§ EXERCISE INSTRUCTIONS
Stop at the line containing "为深入贯彻中央八项规定精神,进一步加强作": write out every line from the beginning of the entries up to and including it, minus the pictures.
------ MATERIAL FOR THIS EXERCISE
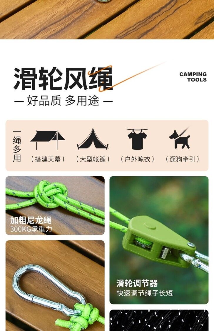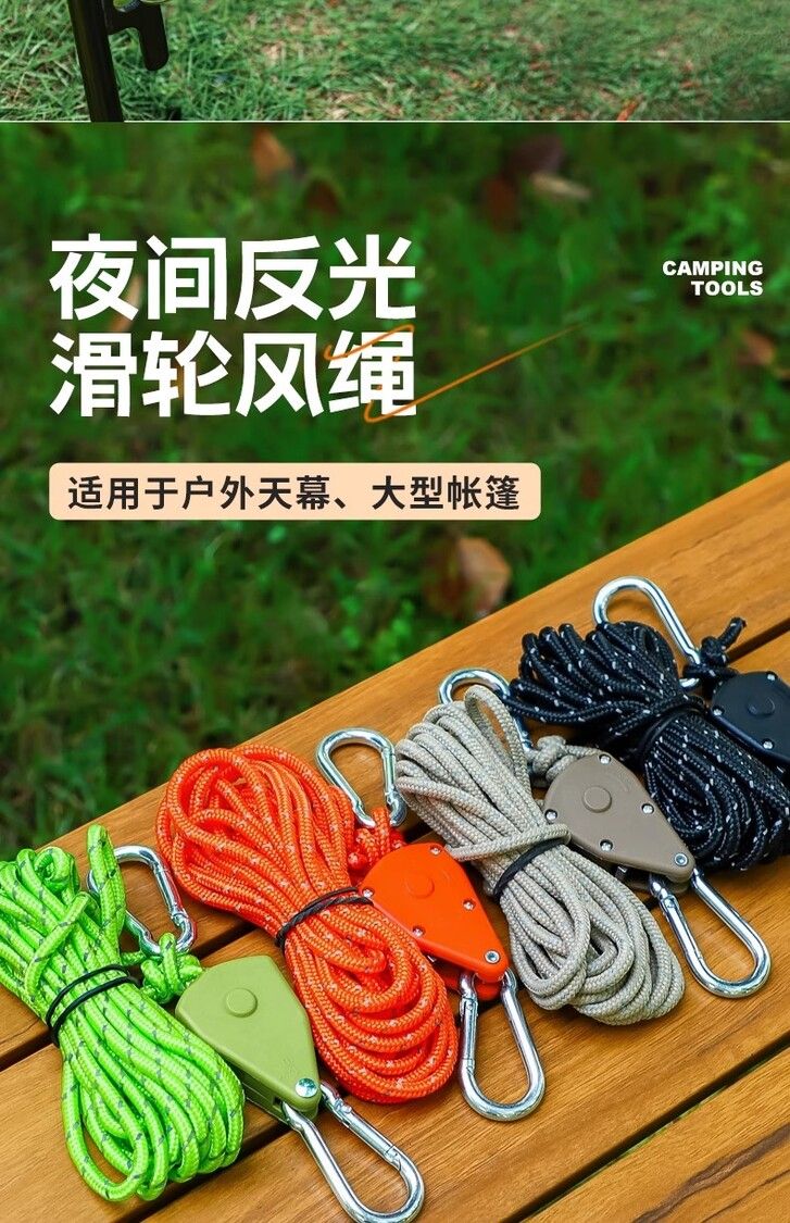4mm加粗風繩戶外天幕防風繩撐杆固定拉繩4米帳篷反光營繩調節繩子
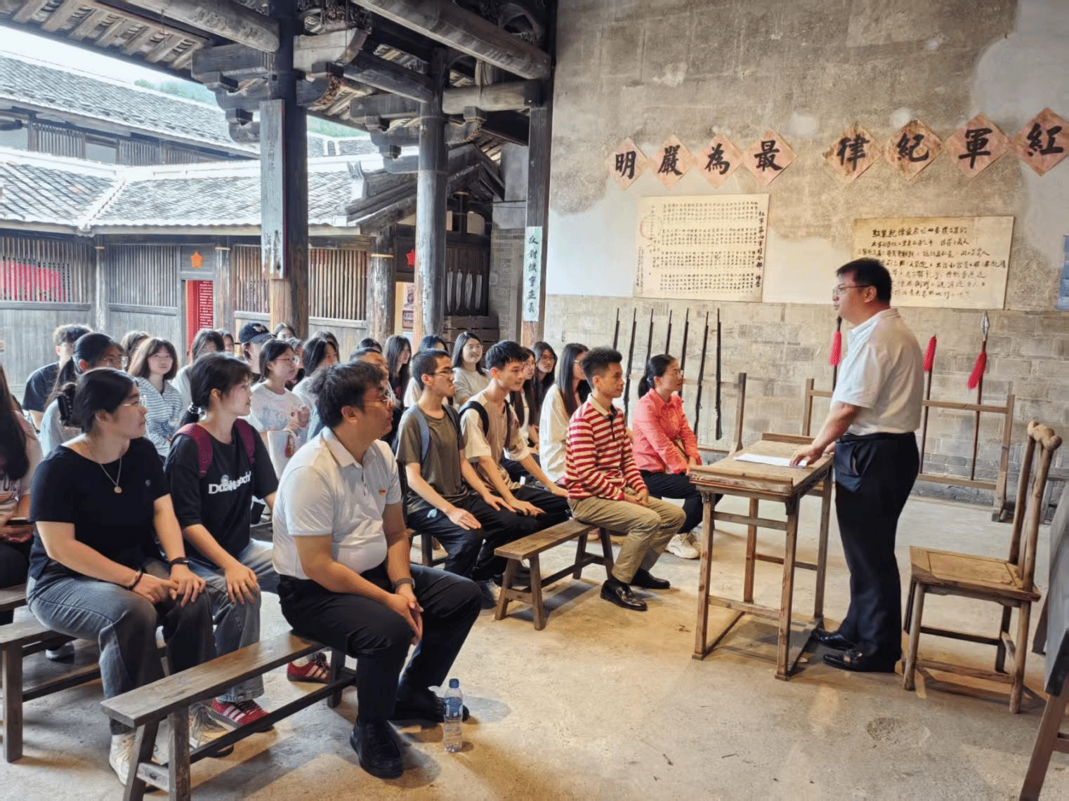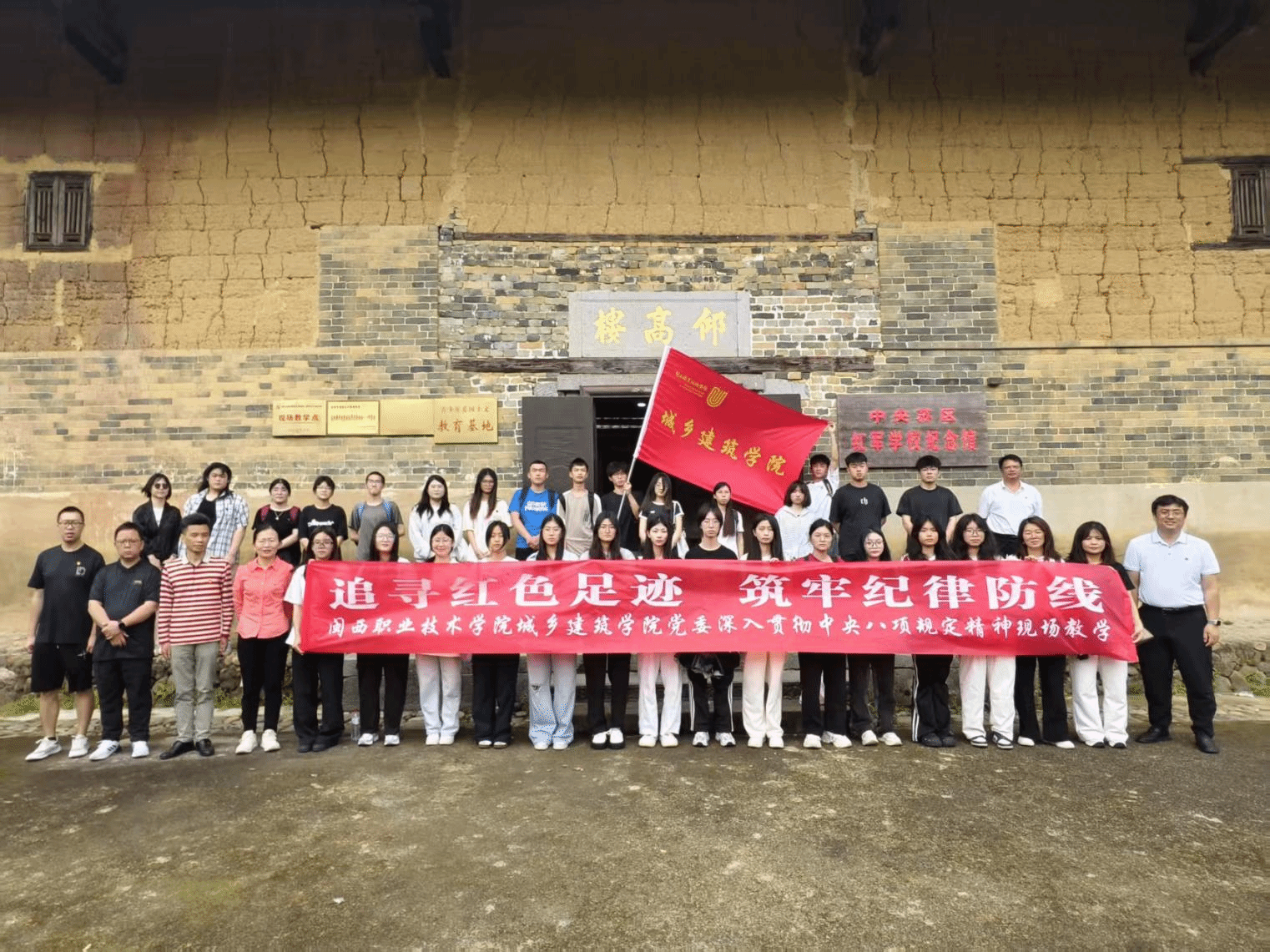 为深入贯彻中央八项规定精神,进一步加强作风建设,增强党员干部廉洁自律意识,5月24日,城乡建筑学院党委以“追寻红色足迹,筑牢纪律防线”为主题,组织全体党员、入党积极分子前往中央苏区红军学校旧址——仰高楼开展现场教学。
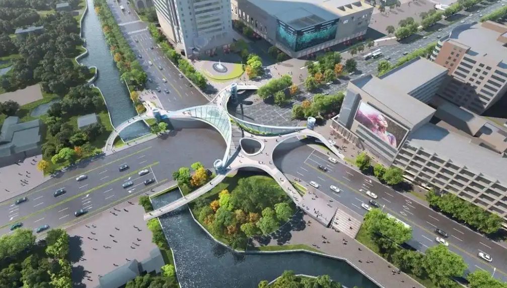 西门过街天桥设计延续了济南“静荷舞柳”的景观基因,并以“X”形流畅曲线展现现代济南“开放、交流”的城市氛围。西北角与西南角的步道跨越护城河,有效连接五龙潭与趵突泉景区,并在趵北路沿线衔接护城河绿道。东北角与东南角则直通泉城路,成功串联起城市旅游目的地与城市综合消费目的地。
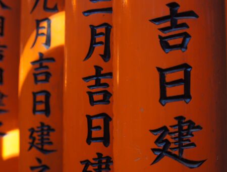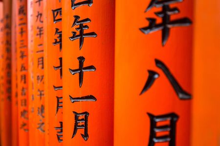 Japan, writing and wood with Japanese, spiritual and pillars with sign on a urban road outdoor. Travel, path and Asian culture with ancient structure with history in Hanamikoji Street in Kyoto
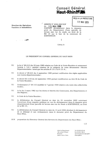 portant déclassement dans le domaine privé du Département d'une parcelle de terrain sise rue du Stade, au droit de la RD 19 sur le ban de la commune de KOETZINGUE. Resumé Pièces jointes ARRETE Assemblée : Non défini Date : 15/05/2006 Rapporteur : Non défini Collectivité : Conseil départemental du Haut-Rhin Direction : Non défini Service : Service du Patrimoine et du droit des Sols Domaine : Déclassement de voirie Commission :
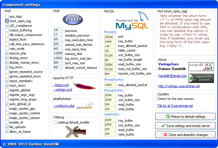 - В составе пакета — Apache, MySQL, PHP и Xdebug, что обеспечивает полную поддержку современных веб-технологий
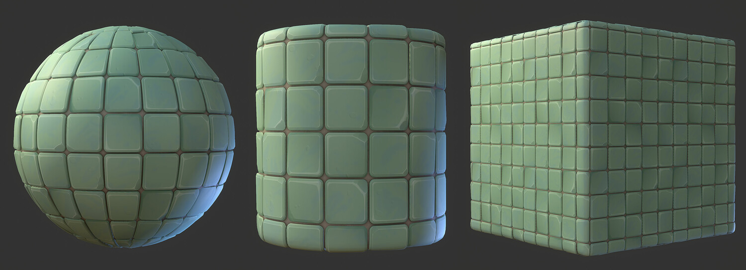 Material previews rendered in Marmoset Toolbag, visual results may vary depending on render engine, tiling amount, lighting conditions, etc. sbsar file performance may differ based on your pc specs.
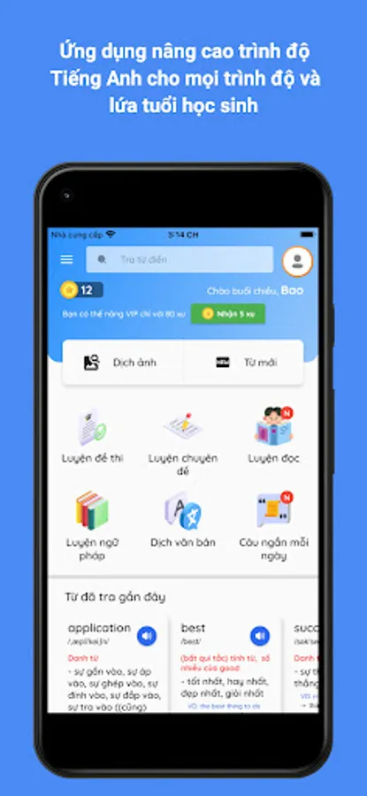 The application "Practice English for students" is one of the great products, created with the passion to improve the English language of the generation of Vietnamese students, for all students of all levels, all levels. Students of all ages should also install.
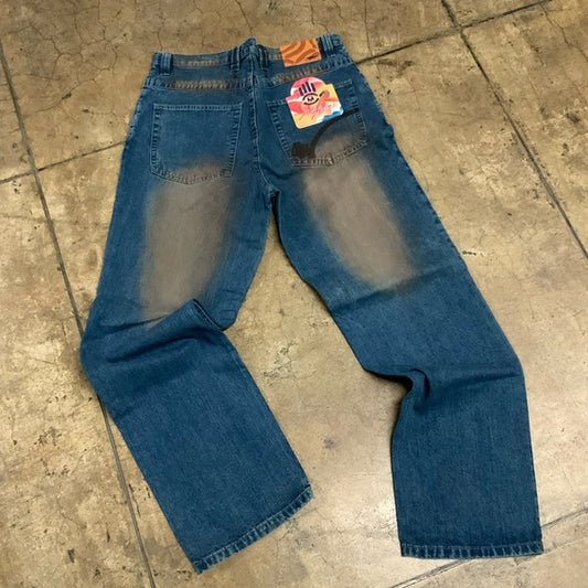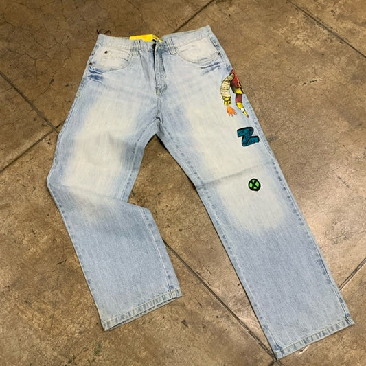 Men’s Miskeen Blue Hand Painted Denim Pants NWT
------------
§ ANSWER BOX
4mm加粗風繩戶外天幕防風繩撐杆固定拉繩4米帳篷反光營繩調節繩子
 为深入贯彻中央八项规定精神,进一步加强作风建设,增强党员干部廉洁自律意识,5月24日,城乡建筑学院党委以“追寻红色足迹,筑牢纪律防线”为主题,组织全体党员、入党积极分子前往中央苏区红军学校旧址——仰高楼开展现场教学。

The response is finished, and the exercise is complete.